By Michael Snyder, Washington's Blog
24 October 15
e just got more evidence that the middle class in America is dying.  According to brand new numbers that were just released by the Social Security Administration, 51 percent of all workers in the United States make less than $30,000 a year.  Let that number sink in for a moment.  You can’t support a middle class family in America today on just $2,500 a month – especially after taxes are taken out. And yet more than half of all workers in this country make less than that each month.  In order to have a thriving middle class, you have got to have an economy that produces lots of middle class jobs, and that simply is not happening in America today.

You can find the report that the Social Security Administration just released right here.  The following are some of the numbers that really stood out for me…

-38 percent of all American workers made less than $20,000 last year.

-51 percent of all American workers made less than $30,000 last year.

-62 percent of all American workers made less than $40,000 last year.

-71 percent of all American workers made less than $50,000 last year.

That first number is truly staggering.  The federal poverty level for a family of five is $28,410, and yet almost 40 percent of all American workers do not even bring in $20,000 a year.

If you worked a full-time job at $10 an hour all year long with two weeks off, you would make approximately $20,000.  This should tell you something about the quality of the jobs that our economy is producing at this point.

And of course the numbers above are only for those that are actually working.  As I discussed just recently, there are 7.9 million working age Americans that are “officially unemployed” right now and another 94.7 million working age Americans that are considered to be “not in the labor force”.  When you add those two numbers together, you get a grand total of 102.6 million working age Americans that do not have a job right now.

So many people that I know are barely scraping by right now.  Many families have to fight tooth and nail just to make it from month to month, and there are lots of Americans that find themselves sinking deeper and deeper into debt.

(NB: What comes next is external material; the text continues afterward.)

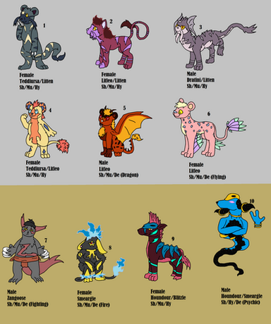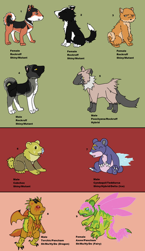 Species Numbers : 3 Hippopotas 1 Sandile 2 Ponyta 1 Cross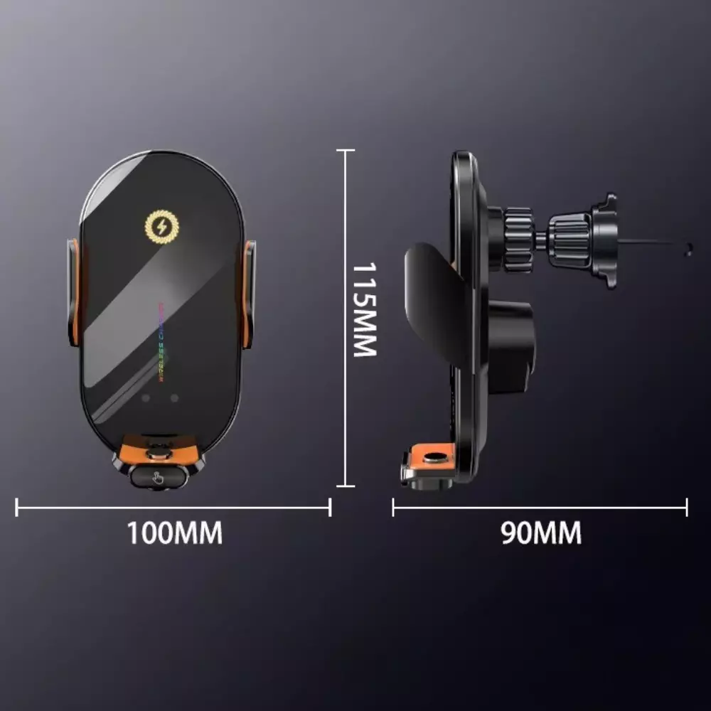 Тримач для телефону, автомобільний з бездротовою зарядкою 15W з функцією автоматичного відкриття і закриття, чорний

If you can believe it, about a quarter of the country actually has a negative net worth right now.

What that means is that if you have no debt and you also have ten dollars in your pocket that gives you a greater net worth than about 25 percent of the entire country.  The following comes from a recent piece by Simon Black

Credit Suisse estimates that 25% of Americans are in this situation of having a negative net-worth.

“If you’ve no debts and have $10 in your pocket you have more wealth than 25% of Americans. More than 25% of Americans have collectively that is.”

The thing is – not only did the government create the incentives, but they set the standard.

With a net worth of negative $60 trillion, US citizens are just following dutifully in the government’s footsteps.

As a nation we are flat broke and most of us are living paycheck to paycheck.  It has been estimated that it takes approximately $50,000 a year to support a middle class lifestyle for a family of four in the U.S. today, and so the fact that 71 percent of all workers make less than that amount shows how difficult it is for families that try to get by with just a single breadwinner.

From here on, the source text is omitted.